Ruth Sabath Rosenthal; A Changing Heart & A Box, Full

A Changing Heart

Longing for heart-quiet

in the inevitable fall

into Winter’s short days of sun

forwarding to Spring’s

longer days — a circling back

in the sameness of time.

 

Heart-and-mind-numbing time

with no respite. A longing to quiet  

those thoughts playing back

battle after battle. The awful

repetition. Mind and life wasting.

And, in the darkest season,

 

the conviction that the sun

will only half-rise in this lifetime

of mine. Feeling that sting

as from a bee’s disquiet

of green slumber. Swelling to a fault,

every damned day. Slamming me back,

 

season upon season. Holding me back.

Chilling me with doubt that sun-

shine can overcome rainfall

and that, invariably, given time,

better times will come and quietly

advance into Spring. Fast forward, past Spring

to Summer, and onto Fall springing

back to Winter, and round again. Flashbacks

ever more glaring under the sun, then, quite

out of the blue — a glance, a nod. Overrun

with fluttering, my heart paces in time

with fledging love’s free-fall.

 

And, with the passing of another Fall,

Winter heralds in the sweetest of Springs:

daffodils and Easter bonnets — a lifetime

of celebration ahead, no looking back.

Past risk and reason, I bask in the sun

that is love’s shine. Rain or shine, quiet

 

in the peace of it all, Fall after Fall, back

to Winter, Spring, Summer. Quiet as a Spring sun

bursting through clouds. Love, for all time, requited.

*

A Box, Full

of photos — a glaring paper trail of a failed marriage —

the snapshots (first) locked away (intact) during

the legal separation — the wife having learned that

 

her husband, a shrink, had a love life outside their bed-

room, in an adjacent room (sound-proofed, but alas,

not fool-proofed!).  A room he had the gall to call office,

 

on a couch on which she heard tell he had many women

going nuts for him, including, it’s since come to light,

a patient or two. One such paramour, who became wife

 

#2, surely would’ve needed more patience married to him,

had she not divorced him, too, one would think. During

that legal separation, perhaps she, too,

 

had reconfigured her family photos, as wife #1 did:

With a cuticle scissor, taking great pains not to nip

the children, she’d cut out the soon-to-be ex’s heads

 

and flushed them down the toilet, leaving the children

smiling up at hole-after-hole-for-a-face.

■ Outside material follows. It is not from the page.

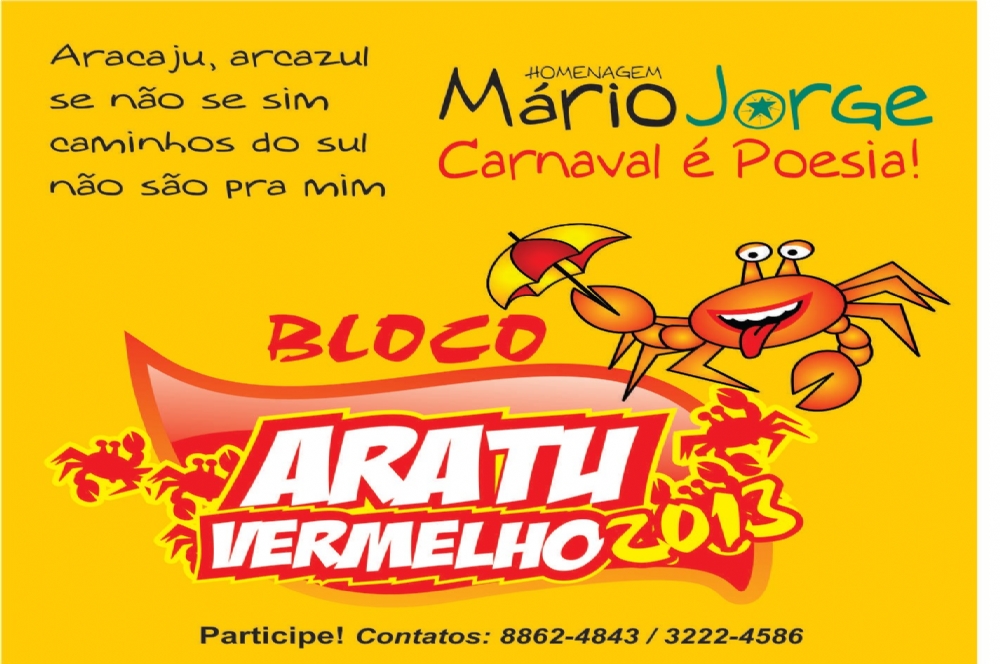 O tradicional bloco Aratu Vermelho traz o tema “Carnaval é Poesia” em homenagem ao poeta Mário Jorge. Karla Isabela, grupo de Maracatu do Sintese e os Indomáveis estão entre as atrações. O Esquenta Aratu, Bloco Aratu Vermelho e Feijoada do Aratu Vermelho fazem parte da festa.
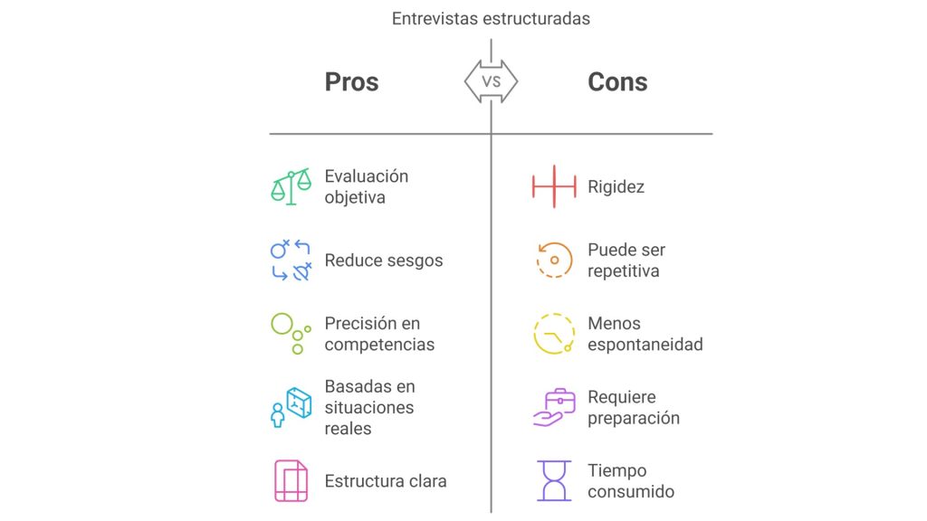 En cambio, las entrevistas estructuradas eliminan gran parte de la subjetividad. Siguen un guion previamente diseñado que se enfoca en evaluar competencias específicas para el puesto, creando un proceso justo y predecible para todos los candidatos.

After the divorce, she’d cut his bodies out, tossing them

 

in a trash bin (along with an envelope full of negatives) —

the children left leaning on a slew of missing

father figures.

 

And, like wife #1, it’s likely that wife #2 also suspects

there’s a poop-load of similarly doctored photos buried

deep in a score of women’s drawers — evidence

 

the psycho-shrink has been, one way or another,

fully eliminated.  

*

Biography

RUTH SABATH ROSENTHAL is a New York poet, well published in the U.S. and, also, internationally. In October 2006, her poem “on yet another birthday” was nominated for a Pushcart prize by Ibbetson Street Press. Ruth has authored five books of poetry: “Facing Home” – “Facing Home and beyond” – “little, but by no means small” – “Food: Nature vs Nurture” and “Gone, but Not Easily Forgotten.”